Я забрал покупку. Блины кусались жаром через фольгу.
Полотно асфальтовой дорожки пятнали частые лужи. Приходилось обходить их, балансируя пакетом на подсохших островках.
— Осторожно! Не задавите Мусечку!
Я застыл, пропуская дрожащую лупоглазую собачонку.
— Спасибо.
За собачкой на поводке спешила, переваливаясь перекормленной уточкой, ее хозяйка. Кое-как на островке разошлись. Лавировали, лавировали да вылавировали…
Блины пахли.
Я прошел еще метров двадцать и встал. Подумал малодушно, не повернуть ли в обход. С торца. Там и посуше должно быть.
Впереди, на ступеньках перед аптекой, сидел старик.
Редкие волосы его слиплись и едва прикрывали макушку. В щетине гнездились капли. Он был мокрый весь, напрочь. Брюки облепили худые ноги. Темный от влаги пиджак, казалось, ужался в плечах и рукавах и висел тесной тяжестью.
Старика било мелкой дрожью замерзающего человека. Опустив руки на колени, он смотрел пустым взглядом куда-то вдогон уползающему на север дождю и трясся.
И что он мне скажет? — подумал я, храбрясь. Ничего умного. Умрет, умрет…

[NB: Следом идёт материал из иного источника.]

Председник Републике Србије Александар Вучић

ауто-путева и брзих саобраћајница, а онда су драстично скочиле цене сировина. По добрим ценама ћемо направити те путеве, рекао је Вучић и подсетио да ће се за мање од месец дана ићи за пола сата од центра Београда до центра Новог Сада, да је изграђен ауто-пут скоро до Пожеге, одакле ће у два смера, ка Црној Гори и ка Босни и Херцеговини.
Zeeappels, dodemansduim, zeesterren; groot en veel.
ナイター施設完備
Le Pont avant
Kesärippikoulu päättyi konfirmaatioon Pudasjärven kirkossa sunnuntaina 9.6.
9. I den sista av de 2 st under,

И, мотнув головой, пошел прямо. Только взял чуть правее. Чтобы даже на мгновение не оказаться к сумасшедшему совсем близко.

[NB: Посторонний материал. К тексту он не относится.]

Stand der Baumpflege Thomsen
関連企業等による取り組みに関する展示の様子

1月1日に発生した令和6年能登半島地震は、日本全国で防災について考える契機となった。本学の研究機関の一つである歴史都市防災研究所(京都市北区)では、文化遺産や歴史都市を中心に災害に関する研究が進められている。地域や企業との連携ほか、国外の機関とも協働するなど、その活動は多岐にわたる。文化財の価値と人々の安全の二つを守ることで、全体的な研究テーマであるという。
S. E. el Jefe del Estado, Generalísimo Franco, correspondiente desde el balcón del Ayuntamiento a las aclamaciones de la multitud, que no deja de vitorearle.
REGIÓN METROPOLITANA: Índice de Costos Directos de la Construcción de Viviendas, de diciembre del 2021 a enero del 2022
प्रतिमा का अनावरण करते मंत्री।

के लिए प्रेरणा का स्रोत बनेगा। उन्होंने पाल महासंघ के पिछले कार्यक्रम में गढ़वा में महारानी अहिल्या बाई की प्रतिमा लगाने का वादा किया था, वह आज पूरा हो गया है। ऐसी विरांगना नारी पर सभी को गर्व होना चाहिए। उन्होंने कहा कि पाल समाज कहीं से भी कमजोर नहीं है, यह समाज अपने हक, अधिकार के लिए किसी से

Шесть, пять, четыре шага до старика. Один.
Молчи, старик, молчи.
Один, два, три шага — от.
— Сколько?
Я вздрогнул, но не остановился.
— С-сколько? С-сорок т-т-три, — сказал старик, как «морзянку» выстукивая слова зубами. — Помню. С-сорок т-три. Умрет-т-т. Д-да. С-сорок…
Я сделал еще шаг.
— С-сколько ч-человек? С-сорок т-три… Д-да…

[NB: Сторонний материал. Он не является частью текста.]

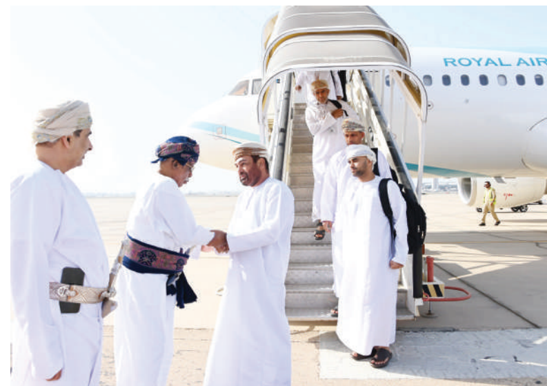
مسقط - العمانية

المختلفة لزراعته. وبدأت معاصر قصب السكر في ولاية بهلاء استقبال كميات من محصول قصب السكر من المزارع في قرى الولاية لإنتاج السكر الأحمر الذي يستخدم في العديد من الصناعات الغذائية التقليدية مثل صناعة الحلوى العمانية وإنتاج عسل قصب السكر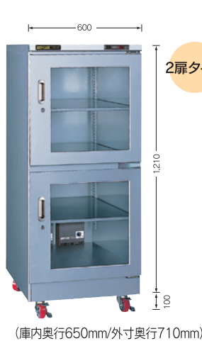
(庫内奥行650mm/外寸奥行710mm)

TDC-430-DDX ¥215,000 TDC-431-PDX ¥260,000 (税別・送料別途)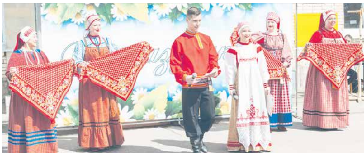
Гостей приветствуют Пётр и Феврония Муромские и студия «Берегиня»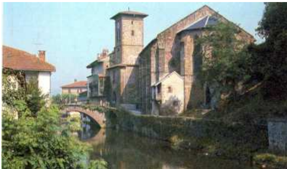
Saint-Jean-Pied-de-Port (Baja Navarra).

Después de una larga guerra sin cuartel fue desmantelada la resistencia aquitana hasta sus últimos confines pirenaico-occidentales (768) y en los comienzos de su reinado pudo encomendar Carlomagno el gobierno de los diferentes condados de la región a miembros de las aristocracias locales de su mayor confianza. Seguramente magnates resentidos por este reajuste debieron de atizar el descontento de gentes habitualmente levantiscas, como los Vascones de los recónditos valles pirenaicos que habrían aniquilado en la llamada batalla de Roncesvalles la retaguardia del gran ejército que había conducido el propio Carlomagno hasta los muros de Zaragoza (778).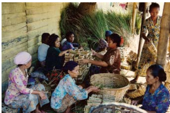
Mujeres en Pekalongan, Indonesia, preparan “ikan pindang” tradicional (pequeños pelágicos salados y hervidos a vapor en contenedores de bambú

Не знаю, почему я обернулся. Просто не знаю. Шел бы и шел.
— Когда? — спросил я.
— Д-дурак, — беззлобно ответил сумасшедший.
И задрожал еще сильнее.
Я посмотрел на его прыгающие серые губы, на бледный, весь в каплях, лоб, на скрюченные пальцы, на бесполезно вздернутый ворот пиджака.
Сдохнет ведь, подумал. Простудится.
И рука моя сама нырнула в пакет.
— Вот, — я протянул старику обжигающе-горячий блин. — Бери.
Сумасшедший всем телом отклонился назад. Во взгляде его проклюнулся испуг.
— С-сорок т-три…
— Бери-бери, — я плюхнул блин в худые ладони. — Мне и одного хватит.
— С-сорок… Старик повел носом.
— …т-три, — неуверенно произнес он.
И вдруг споро затолкал блин в рот. Весь. Вместе с бумагой. Словно меха заходили, раздуваясь и опадая, щеки. В глазах появился масляный, экстатический огонек.
— Фы-ффы.
— Да знаю я. Сорок три, — сказал я, отворачиваясь.
Никакого желания смотреть на торчащую изо рта бумагу у меня не было.
В арке урчала, собираясь выехать, грузовая фура. Я пробежался на другую сторону тротуара. Облегченный пакет шлепнул по бедру.
Блина почему-то стало жалко.
— Фы-ффы.
Старик поднялся и делал мне какие-то знаки. Я отмахнулся. Фура потихоньку покатилась к съезду. Между мной и сумасшедшим вклинился грязно-рыжий капот.
— Три… фя… — крикнул старик сквозь рокот дизеля.
— Чего?
— Трись…
— Чего?
— Вот придурки вы! — водитель фуры, мордатый, с толстыми губами, высунулся ко мне из кабины. — Он говорит: «Тридцать пять».
— Как тридцать пять? Что тридцать пять? — не понял я.
— А я знаю? — возмутился водитель.
Фура взревела, мимо меня прочертил параболу окурок. Медленно, вздрагивая, шелестя шинами, потянулся полуприцеп.
— Тридцать пять умрет? — крикнул я.
Ответа не последовало.
Когда фура выползла на дорогу, отметившись на сетчатке моих глаз красными габаритными огнями, на бетонном крыльце перед аптекой уже никого не было.
— Это что, за блин? — тихо спросил я тающую утреннюю дымку.
Ошеломление накатило и схлынуло.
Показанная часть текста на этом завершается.